Your assignment: Exactly the lines from the one that holds "慎重審議いただきました" to the end of the data below: retype these and nothing else.
____ Records supplied
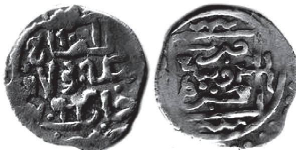
Рис. 7. Данг хана Бек-Булата с обозначением места чекана Крым ал-Махруса и датой 794 г.х. В = 1,11 г; Д = 16 × 15 мм.

На Рис. 7 воспроизведен данг с обозначением места выпуска как «Ал-Махруса Крым». Монета датирована на лицевой стороне 794 г.х. (29 ноября 1391 – 16 ноября 1392), что коррелирует с рассказом Ибн Халдуна.
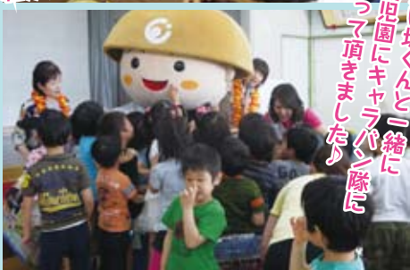
えい坊くんと一緒に 幼稚園にキャラバン隊に 行って頂きました。

今年も多くのボランティアの方に、ふれ愛フェスタ ALOHA 2014に向けたボランティアとしてお集まりいただき、腕を振るって頂きました。
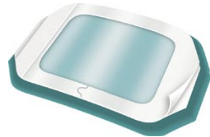
3M Tegaderm Medicazione trasparente
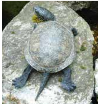
Charakteristisch für E. orbicularis ist der lange Schwanz
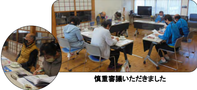
慎重審議いただきました

2名の監事によって、令和3年度の前期の東西町地域振興協議会事業の進捗状況及び、各会計の執行状況や口座残高の確認をしていただきました。
________
Your response:
慎重審議いただきました

2名の監事によって、令和3年度の前期の東西町地域振興協議会事業の進捗状況及び、各会計の執行状況や口座残高の確認をしていただきました。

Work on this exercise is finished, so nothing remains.